- Exercise description
Below this line are records; transcribe exactly the lines between the one holding "Sports/games bag in" and the one holding "Der Gebäck-Einleger von", inclusive, and omit the pictures.

- Exercise data
────────────────────

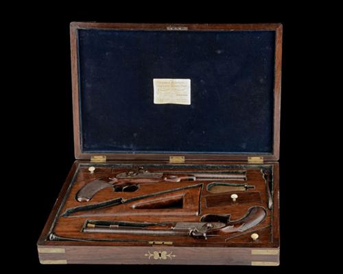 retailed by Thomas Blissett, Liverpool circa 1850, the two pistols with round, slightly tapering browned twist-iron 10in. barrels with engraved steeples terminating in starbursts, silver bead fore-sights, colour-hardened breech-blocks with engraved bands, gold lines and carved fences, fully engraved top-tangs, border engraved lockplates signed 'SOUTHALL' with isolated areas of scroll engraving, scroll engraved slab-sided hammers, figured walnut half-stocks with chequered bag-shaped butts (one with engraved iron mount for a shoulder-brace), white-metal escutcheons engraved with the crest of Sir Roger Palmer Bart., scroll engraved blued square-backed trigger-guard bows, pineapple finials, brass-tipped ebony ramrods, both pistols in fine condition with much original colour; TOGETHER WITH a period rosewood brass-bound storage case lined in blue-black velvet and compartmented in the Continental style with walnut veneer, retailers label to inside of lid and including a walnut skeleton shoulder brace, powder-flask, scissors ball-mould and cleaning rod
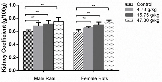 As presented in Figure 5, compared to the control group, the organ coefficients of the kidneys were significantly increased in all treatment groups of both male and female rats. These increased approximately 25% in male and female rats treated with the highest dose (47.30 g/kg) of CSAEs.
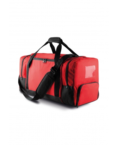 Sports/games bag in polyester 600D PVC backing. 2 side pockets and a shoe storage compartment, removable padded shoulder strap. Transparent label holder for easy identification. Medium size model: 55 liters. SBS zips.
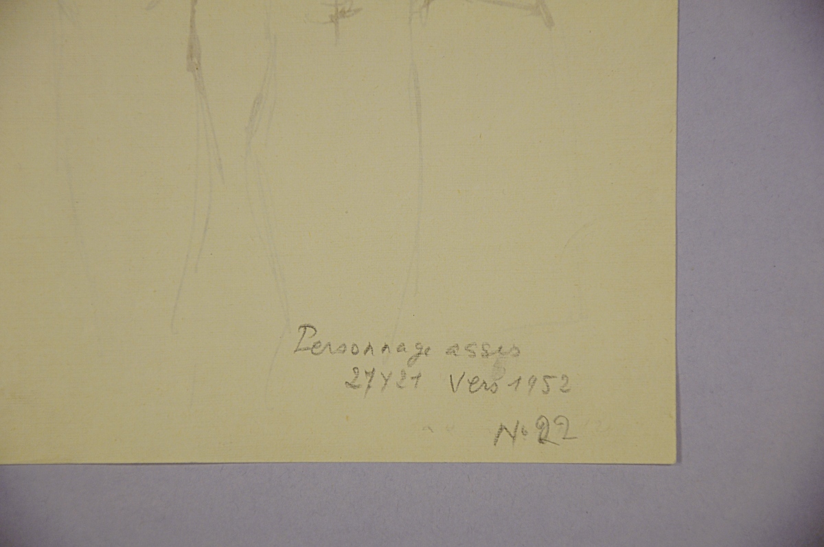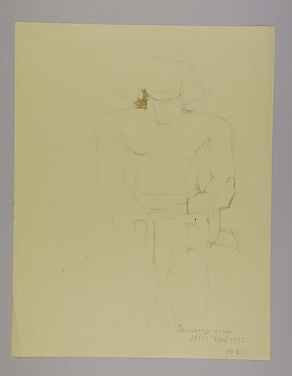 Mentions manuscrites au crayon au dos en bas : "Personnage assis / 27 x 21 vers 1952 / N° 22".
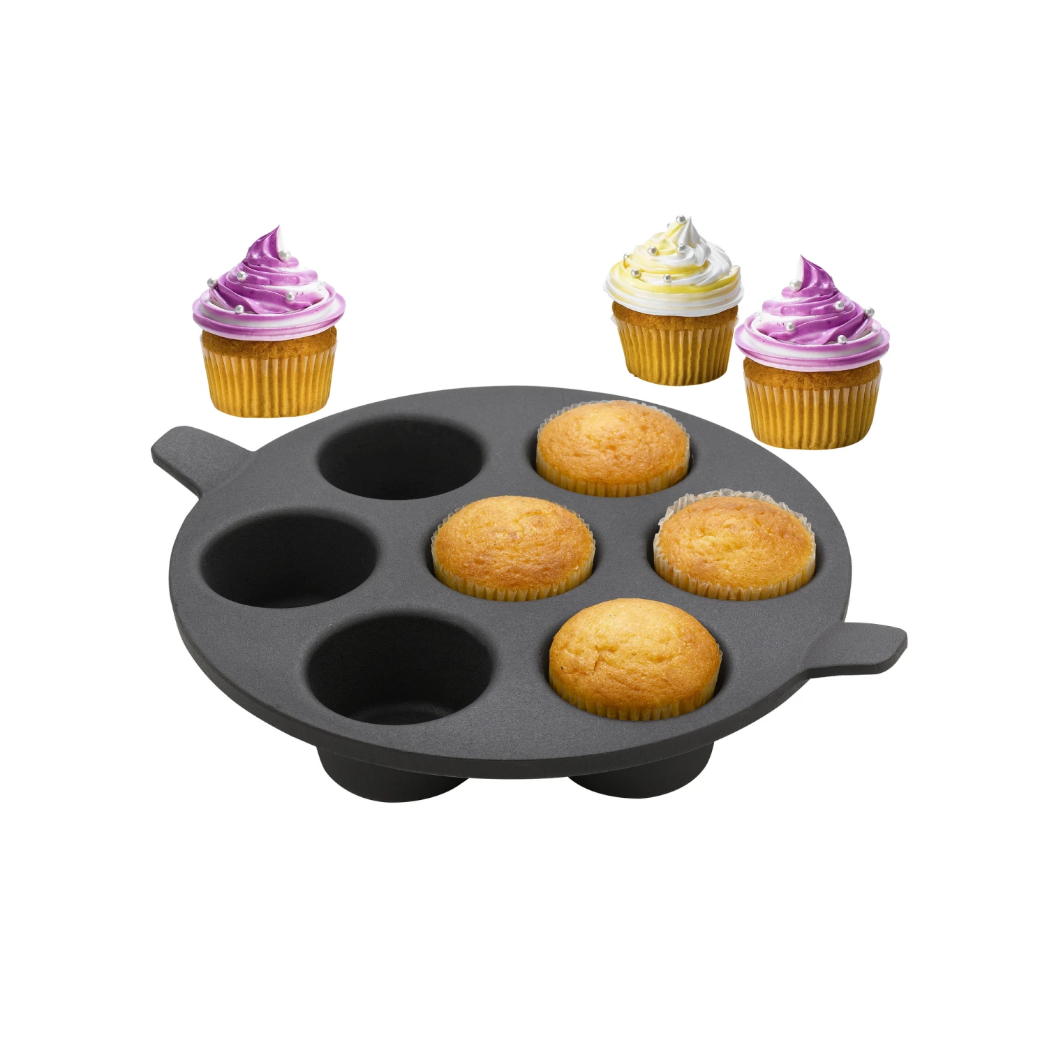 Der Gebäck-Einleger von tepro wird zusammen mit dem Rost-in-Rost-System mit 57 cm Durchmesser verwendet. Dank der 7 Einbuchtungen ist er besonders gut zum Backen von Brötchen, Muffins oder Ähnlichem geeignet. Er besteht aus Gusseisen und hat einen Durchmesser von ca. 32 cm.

────────────────────

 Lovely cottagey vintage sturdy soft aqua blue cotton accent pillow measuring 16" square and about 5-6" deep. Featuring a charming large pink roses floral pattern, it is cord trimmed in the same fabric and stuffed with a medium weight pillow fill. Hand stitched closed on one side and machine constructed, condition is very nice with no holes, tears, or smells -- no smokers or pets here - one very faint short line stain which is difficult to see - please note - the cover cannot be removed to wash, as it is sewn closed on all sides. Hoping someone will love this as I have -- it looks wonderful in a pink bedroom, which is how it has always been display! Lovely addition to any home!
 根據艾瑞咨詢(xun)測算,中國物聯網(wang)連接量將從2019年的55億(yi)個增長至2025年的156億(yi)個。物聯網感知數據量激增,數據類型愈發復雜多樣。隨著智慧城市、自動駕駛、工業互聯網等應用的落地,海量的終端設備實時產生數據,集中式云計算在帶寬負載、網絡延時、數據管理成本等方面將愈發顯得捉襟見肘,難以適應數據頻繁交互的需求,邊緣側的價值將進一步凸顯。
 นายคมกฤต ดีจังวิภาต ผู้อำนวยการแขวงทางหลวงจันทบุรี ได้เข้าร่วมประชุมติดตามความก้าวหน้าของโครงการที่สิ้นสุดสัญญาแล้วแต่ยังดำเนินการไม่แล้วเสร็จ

────────────────────

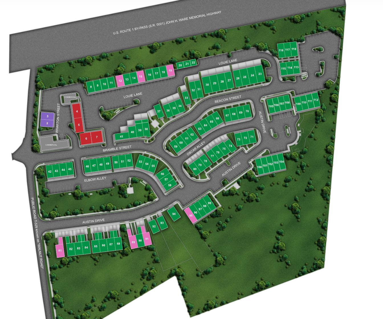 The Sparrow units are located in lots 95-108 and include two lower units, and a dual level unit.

────────────────────

- Result of the task
 Sports/games bag in polyester 600D PVC backing. 2 side pockets and a shoe storage compartment, removable padded shoulder strap. Transparent label holder for easy identification. Medium size model: 55 liters. SBS zips.
 Mentions manuscrites au crayon au dos en bas : "Personnage assis / 27 x 21 vers 1952 / N° 22".
 Der Gebäck-Einleger von tepro wird zusammen mit dem Rost-in-Rost-System mit 57 cm Durchmesser verwendet. Dank der 7 Einbuchtungen ist er besonders gut zum Backen von Brötchen, Muffins oder Ähnlichem geeignet. Er besteht aus Gusseisen und hat einen Durchmesser von ca. 32 cm.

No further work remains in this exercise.